Early Adulthood (20-40 years) College has been a great time meeting new friends, partying and getting an education what could be better. By 20 years old I am nearing the end of college and beginning to think of my future. In what state will I find a job, where will I live, what kind of friends will I meet? These are difficult decisions that sometimes dont offer the desirable choices one would wish to have. I was fortunate to have multiple job offers in different locations to choose from making the stress of this decision easier. I settled in Utah which offered a similar climate and great skiing much like I was accustomed to as a child in Montana. This was an easy and possibly the best choice to reduce culture shock on my delicate system while I grow up and relate to my new position in life. This is the point in my life where I lay out more of my life plan that I use as a guide to measure if I am on the right track. I am 28 now and the wild days are winding down, the career is becoming more important. The next few years are life changing starting with a marriage to a woman that already has children. My life changed considerably at this point, I needed to put an end to my self-centered ways and focus on the children and the family. This was probably not the smoothest transition in history and I could have used some professional coaching prior to executing this challenge. By the age of 40 things are going well with the career, money is not a big issue, and the kids are growing up. The girls are now at the age they can date and this is a difficult time for any parent. Middle Adulthood (40-60 years) This is the time in life that my kids are growing up and going through their own pains of life however exaggerated.

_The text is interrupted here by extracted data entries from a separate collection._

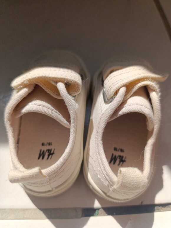 Tenis de fácil ajuste con tiras de velcro coloco las tallas como vienen el zapato talla 18/19 EUR, 4-5 US, sin embargo los medi con mi cinta y tiene 13.5 cm, son color arena super combinable y unisex.
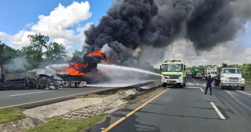 AERODOM apoya control de incendio de camión tanquero en la Circunvalación SD
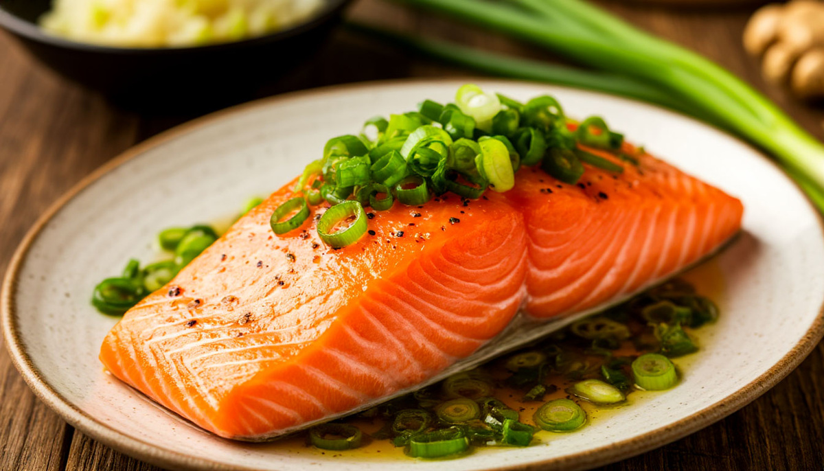 Этот рецепт сочетает нежную текстуру лосося с ярким ароматом зеленого лука и пикантностью имбирного соуса понзу. Блюдо готовится быстро и просто, а результат впечатлит даже самых искушенных гурманов. Ингредиенты (на 2 порции): ⦁ 2 филе лосося (по 150-200 г каждое)
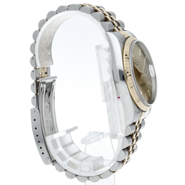 ロレックスのドレスウォッチの王道「デイトジャスト」。イエローゴールドとステンレスの組み合わせが上品で高級感を感じさせる1本です。
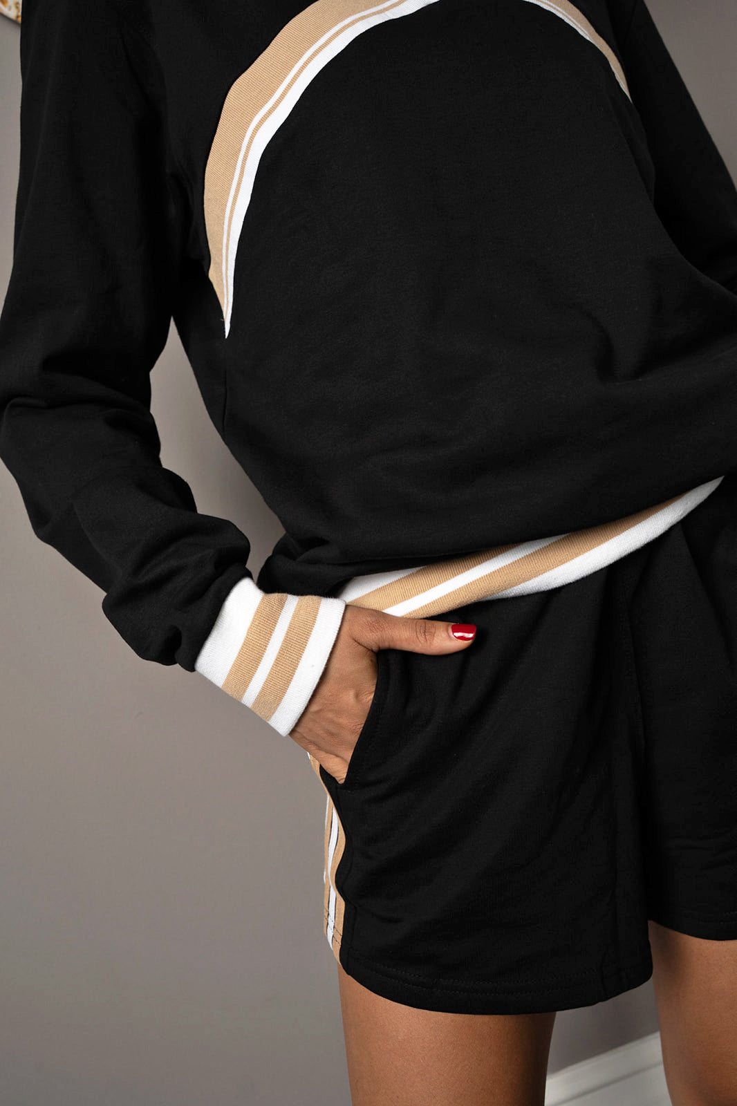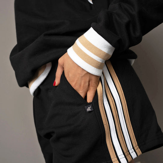 This vintage-inspired design nods to old school athletic shorts and team colors, sporting black and gold with stripes down the sides and waist. Featuring a drawstring adjustable waistband, side pockets, and a relaxed highwaisted fit.
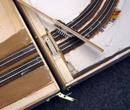 Da die Schienen nicht bis an den Rand der Kisten heranführen, muss ein Übergangsstück her. Das muss mechanisch sauber verbunden werden, sonst hüpfen die Züge aus dem Gleis. Damit kein stromloser Abschnitt entsteht, muss das kurze Zwischenstück auch mit Fahrstrom versorgt werden. Die Lösung bestand in einem stabilen Stecker, der unten an das schmale Sperrholzstück geklebt wurde. Die passende Buchse ist im Kistenrahmen unter dem Übergang angebracht. Durch die Vielzahl der Steckstifte entsteht eine recht stabile mechanische Verbindung; nur vier Stifte sind tatsächlich elektrisch verbunden: Zwei Pole für jede Fahrtrichtung. Ich habe lange überlegt, wie man die Position von Stecker und Buchse, die ja verantwortlich für die Passgenauigkeit sind, exakt aufeinander abstimmen kann. Schließlich bin ich bei der Heißkleber-Methode gelandet. Die unmontierte Buchse wird auf den Stecker gesteckt, dann jede Menge Heißkleber auf die vorbereiteten Lagerstellen, dann das Ganze mit Druck so platziert, dass die vorher aufgeklebten Schienen genau fluchten. Der Stecker sieht zwar etwas schief aus, die Schienen passen aber. Und darauf kommt es an. Drei Monate später passt es nicht mehr.
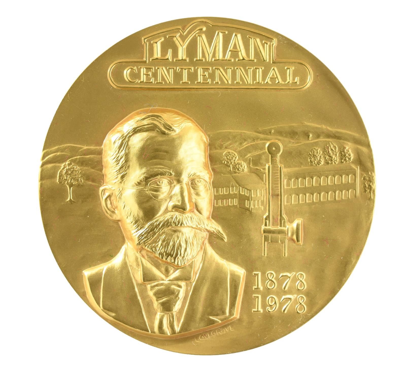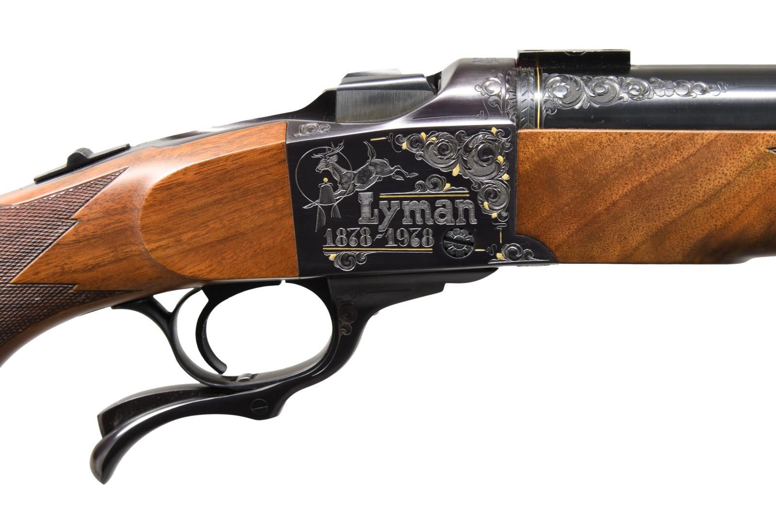 SHOT RIFLE. Cal. 45-70. S# 131-45335. Limited edition of only 101 Grade 1 and 1,000 Grade 2 rifles were mfg. in 1978 to commemorate Lyman's 100th anniversary. Bbl. 28" tapered round "D" weight with scope blocks. Right side of the receiver is marked Lyman 1878–1978 with the running buck logo. Left side is engraved "1938". Bottom of the frame has a hand-engraved issue number, "L-061". Markings are bordered by highlights of the foliate scroll that continue to the upper & lower receiver surfaces, as well as the breech & muzzle ends of the bbl. Bbl. ends have gold bands. Schnable-tipped forend and pistol grip cheekpiece stock of fancy black walnut with a satin finish. Features include a point-pattern hand-checkering steel grip cap & buttplate. UNATTACHED ACCESSORIES: housed in it's original walnut case measuring 48 1/2" x 16 3/4" x 3 1/2". Case has a fitted red velour interior. Inside lid has a presentation plaque certifying this rare rifle, signed by Lyman President J. Mace Thompson. Case contains a 34 1/2" Lyman model 1938 tube scope, brass centennial medallion, and the hardbound book "THE CENTENNIAL JOURNAL". Nickel-finished Lyman loading tool. Lyman mold handles. Lyman 4-loading die set, 1-20 rd. box of Lyman Centennial 45-70, cleaning rod, & case key. CONDITION: near excellent & unused, retaining virtually all original blue. Wood shows a few small handling marks. Near-excellent bore. (23-6391/DS). MODERN. $2,000-3,000.
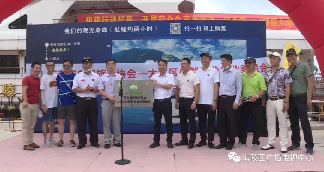 当天中午12点多,由120多辆车组成的车队驶进海陵岛,来到闸坡渔港天成游艇码头,举行简单而隆重的仪式后,乘豪华游船环岛游。
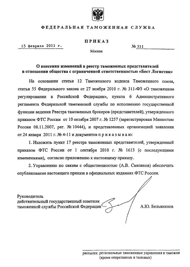 "О ВНЕСЕНИИ ИЗМЕНЕНИЙ В РЕЕСТР ТАМОЖЕННЫХ ПРЕДСТАВИТЕЛЕЙ В ОТНОШЕНИИ ОБЩЕСТВА С ОГРАНИЧЕННОЙ ОТВЕТСТВЕННОСТЬЮ "БЕСТ ЛОГИСТИК"
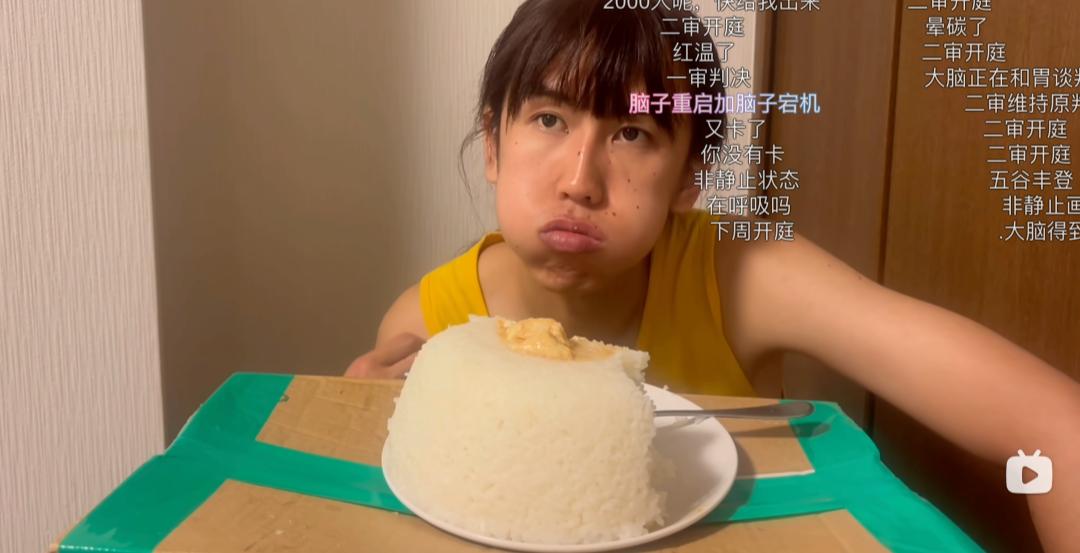 被调侃“过年了”的饭桌组合,则是香烤多春鱼、鸡蛋卷、萝卜干和电饭锅蒸出来的米饭,屏幕里的他吃得嘎嘎香,屏幕外的网友评论:“敢不敢放多点油”?
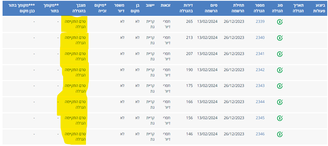 לא נכון, כנראה אתה מסתכל על הגרלות ישנות באלעד נכון להרגע עדיין אין תוצאות הבנתי מגורם במשרד השיכון שזה בתהליך חלק יידעו כבר היום ועד מחר וודאי יהיו לכולם תוצאות
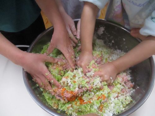 さくら組が餃子のタネをこねました。
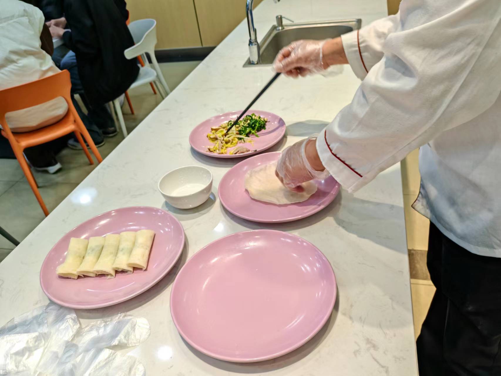 在食堂师傅的带领下,同学们首先了解了春卷的历史和文化。食堂悉心为同学们准备了春卷皮和春卷馅料。随后,师傅演练了包春卷的完整过程,介绍包好春卷的注意事项。学生们分工合作,一些同学负责撕开春卷皮,一些同学负责包春卷,还有的同学则负责整理桌面。最后,后勤师傅组织同学们炸春卷,金黄酥脆的外皮包裹着丰富的馅料,散发着诱人的香味,一个个春卷出炉了。整个过程中,同学们互帮互助,充分展现了团队协作的精神,事后品尝着亲手制作的美味,既是对味蕾的享受,也是对传统文化的传承。
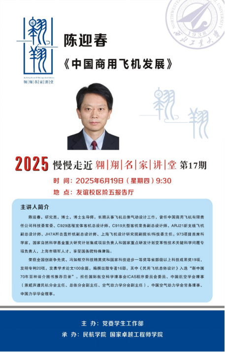 邀请,我国飞行器设计领域权威专家、C929远程宽体客机总设计师、C919大型客机常务副总设计师、C909支线客机副总设计师陈迎春做客翱翔名家讲堂,在友谊校区阶五报告厅为广大师生作了题为《中国商用飞机发展》的精彩报告。本次报告由党委学生工作部主办,泰国av
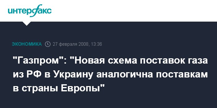 Москва. 27 февраля. INTERFAX.RU - Новая схема поставок газа на Украину, о которой две недели назад договорились лидеры двух стран, аналогична той, что используется при поставках российского газа во многие страны Европы, сообщил журналистам официальный представитель "Газпрома" Сергей Куприянов.
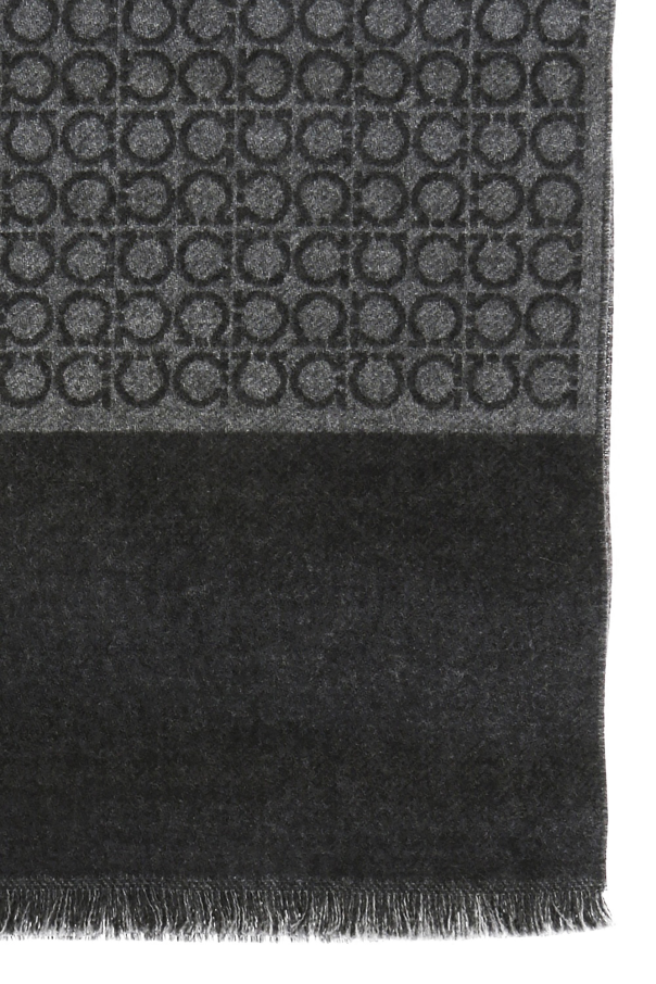 Salvatore Ferragamo的灰色logo羊毛围巾。 毛边。

This is a difficult time trying to know where to set a boundary and how

much freedom is enough to allow growth. I spent a lot of time trying to listen to problems and had to begin additional training to have these conversations with my children. This was an effort that was probably too little too late but between what I learned in class and from books I could control the situation so that the children did not. We also returned to church around this time in my life in a hope that some positive input in our childrens lives would help. It may have been church or prison because the children can push you to the edge if you let them. Fortunately children grow out of this phase quickly but it seems like a lifetime while it is going on. I am now 50 years old and starting to change the focus of my life. My career is probably at its peak and I am starting to consider retirement. My children are all grown now although some are still living at home and attending college. We recently lost one of our daughters to drowning and that pain continues to resonate through the family causing different emotions within each of us. Losing a child or sibling is a difficult thing as I watch each family member deal with the tragedy in their own unique way. We tend to dwell on our own loss or guilt rather than think about the loss of others or how this impacts a brother, sister or friend. Late Adulthood (>60 years) Finally something I will have to project and not reflect. At 60 and beyond I will be preparing for the end of my career I see myself with the same company. Working on the acquisition of a new company or even bringing a new company up to our standards and way of executing. I need to have a focus on my health with a regular workout program to stay fit and keep my body sharp. Continue schooling to keep my mind sharp and learning new things. As I look back on my life I

will recognize how fortunate I have been and also how much I still have to learn. I hope to spend the rest of my life learning new things, staying up to date with technology and never thinking I am old.

Bibliography
Berger, K. S. (2010). Invitation to the Life Span. New York: Worth Publishers.